Kim David Smith is perfectly tailored (and beautifully costumed by Everyday Fay and New York Vintage) for the role. One of today’s most celebrated cabaret performers, known for such appearances as A Wery Weimar Christmas at Club Cumming, Smith is charismatic and captivating.

Drawing inspiration from sources such as Kander & Ebb’s musical Cabaret (a revival of which recently began previews on Broadway), burlesque, Cirque du Soleil, and immersive Sleep No More-like installations, Tiergarten is a delectable feast. Choreography by Liana Zhen-ai and Dylan Contreras, artful burlesque by Pearls Daily, shadow poetry by Foreshadow Puppetry, moody lighting by Abigail Hoke-Brady are situated in dark, cavernous nightclub vibes. Set design is by Claire Caverly.

Photo by Kevin Condon.

The glue around which all of this coalesces is the band, The Grand Street Stompers, playing wryly smart arrangements by trumpeter Gordon Au and trombonist Matt Musselman. A tight rhythm section of piano, guitar (and some crisp and spirited banjo playing), upright bass, and drums anchors a charming combo of winds and a violin, for a versatile color palette that grooved and soared.
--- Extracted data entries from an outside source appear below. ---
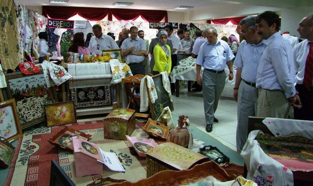 Giyim Teknolojisi Alanı Kursları, Anne Çocuk Eğitimi, İpek Halı, El Sanatları Alanı, Ebru kursları kursiyerlerinin işlerinden oluşan serginin açılış kurdelesini, İlçe Kaymakamı Süleyman Erdoğan hayırlı olsun dilekleri ile kesti.
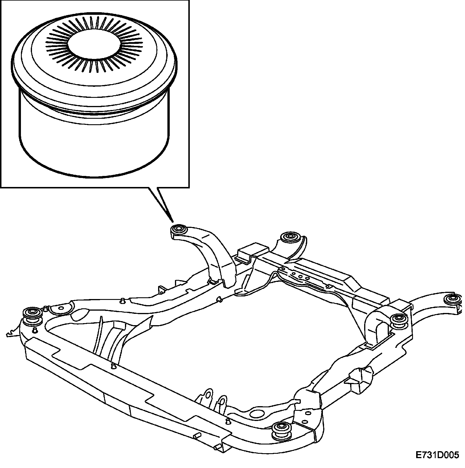 is fastened to the body with bolts and bushes. The middle bushes and bolts are of the type can come loose in case of a collision. This is to provide good energy absorption.
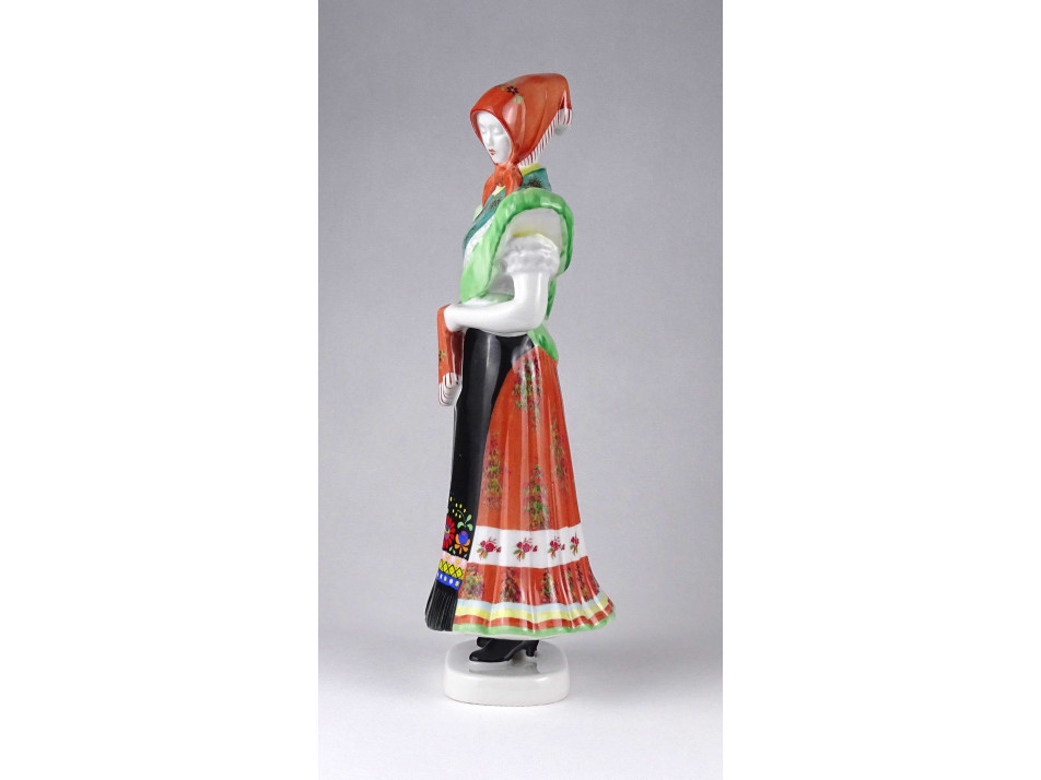Régi, hibátlan állapotú, nagyméretű Hollóházi porcelán figura, fejkendős menyecske szobor matyó népviseletben. Kézi festéssel díszített.
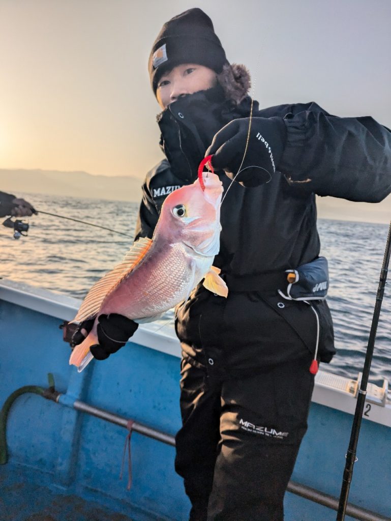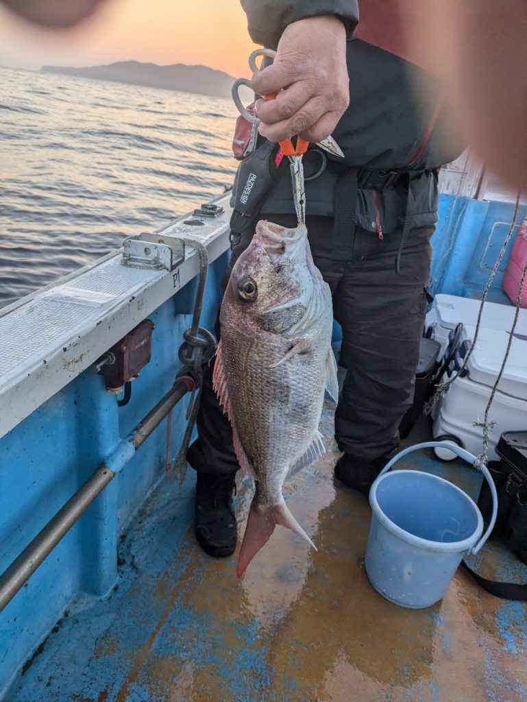 タイラバ、ジギング真鯛1人1枚〜3枚1.5キロ〜2.5キロ鰤は釣れませんでした。風が強くなり3時間で早上がりでした。
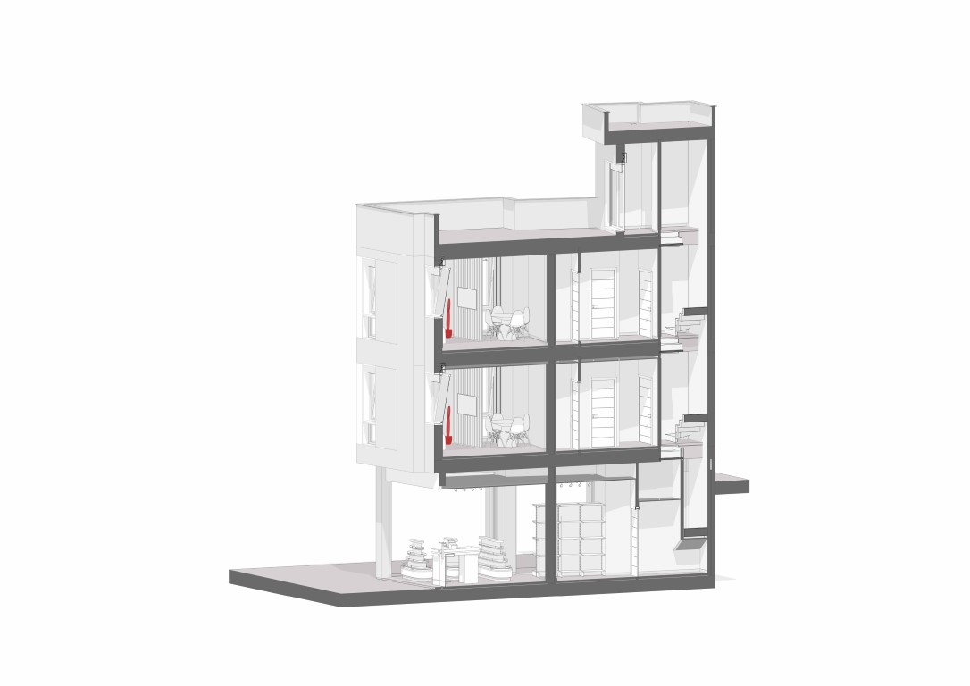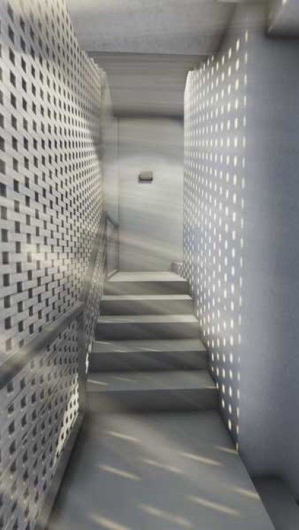 El acceso a las viviendas se realiza mediante una galería exterior perimetral en la fachada noreste, optimizando la circulación y garantizando la ventilación cruzada en todas las unidades. Este elemento actúa como un umbral funcional y estético, separando los espacios privados del entorno y potenciando la experiencia de transición entre el interior y el exterior.
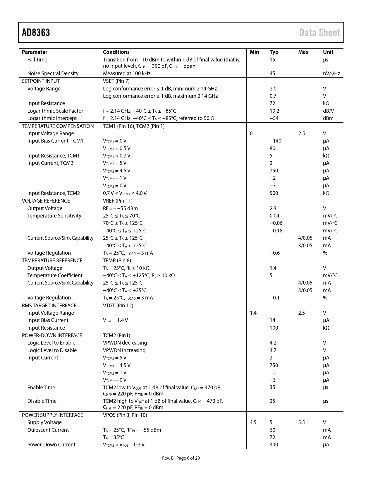 Páginas / Página30 / 7 — AD8363. Data Sheet. Parameter. Conditions. Min. Typ. Max. Unit
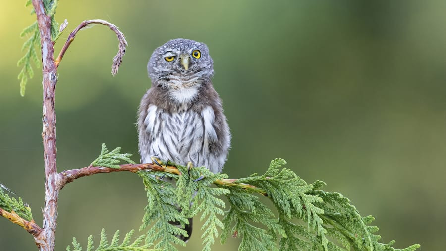 Cú mèo lùn trên đảo Vancouver của Canada đậu trên cạnh cây với vẻ mặt như đang nháy mắt. Ảnh: Anthony Bucci.
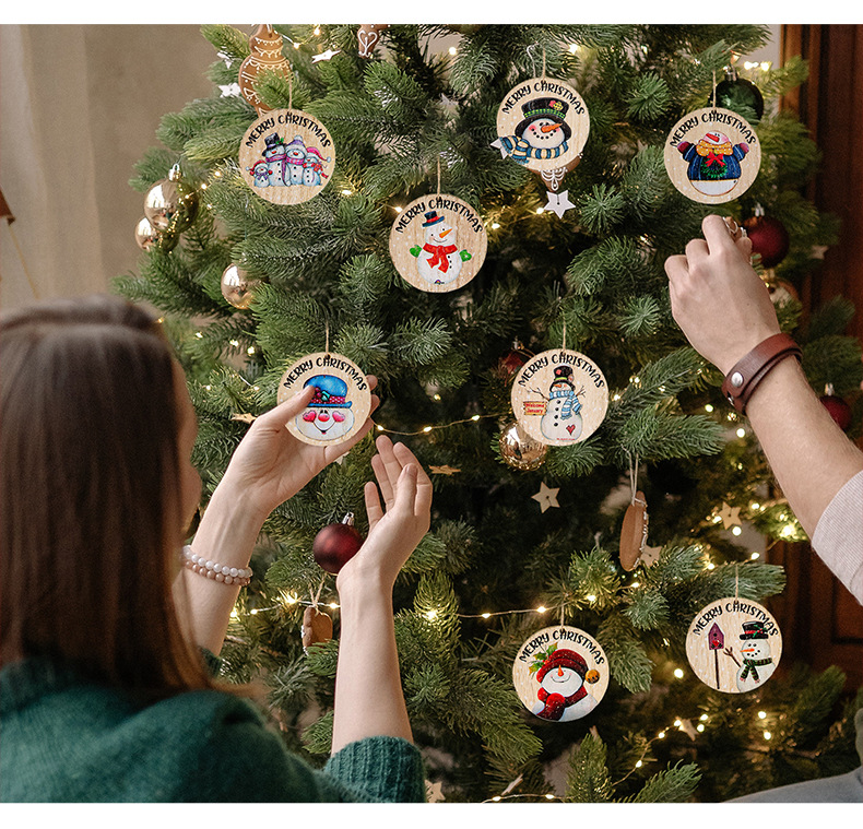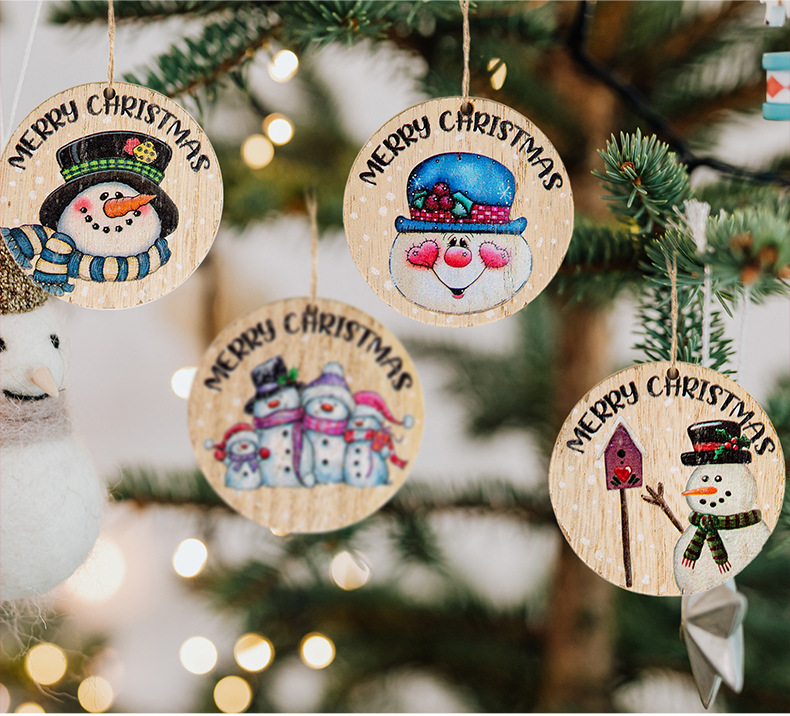 2024木质圣诞树装饰挂件圣诞主题装饰品吊牌丝印及UV彩印工艺品
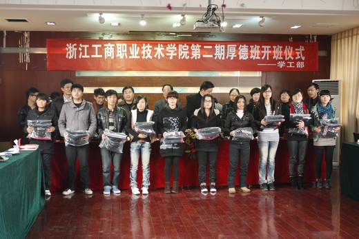 | 校第二期厚德班顺利开班 12月21日中午,由学工部主办的校第二期厚德班开班仪式在小宾馆二楼会议室举行。学校党委书记蔡泽伟、校长谢一风、副校长姚奇富、党委副书记应金萍、纪委书记李振祥、党委委员邱素芬、校长助理徐永春、徐盈群等领导及我校校友狮丹努进出口有限公司总经理兼集团公司副总经理谢超君出席了仪式。本期厚德班以“爱心托起希望,励志改变命运”为主题,旨在从解决学生经济困难的保障性资助向有利于学生成长成才的发展性资助转变。

Smith’s voice is equal parts sugar and acid to taste, but a terrific assortment of singers — Luke Elmer, Amara Granderson, Ariadne Greif, Melina Jaharis, and Aaron Reeder — fleshed out the eclectic musical program, which veered from a bluegrass-folk take on Vivaldi’s La Folia to a Kurt Weill-esque “Time Warp” (from The Rocky Horror Picture Show). Smith’s witty repartee time-warps us from Weimar Berlin to World War I; the American Revolution; Protestant Reformation; Salem Witch Trials; Fall of the Roman Empire; and 33 AD. Weill, his music basically defining the genre, is featured with “Pirate Jenny,” “Alabama Song,” and “Lost in the Stars,” balanced with cabaret songs of Marlene Dietrich and a devastating “Strange Fruit,” as well as Renaissance vocal music (Byrd and Monteverdi — beautifully sung) and Kylie Minogue.

The audience was transported, through musical brilliance, seemingly tossed off as if on a nightly basis, and in the evening’s surprising visual twists and emotional resonance and depth. Tiergarten should become a regular fixture on the New York scene.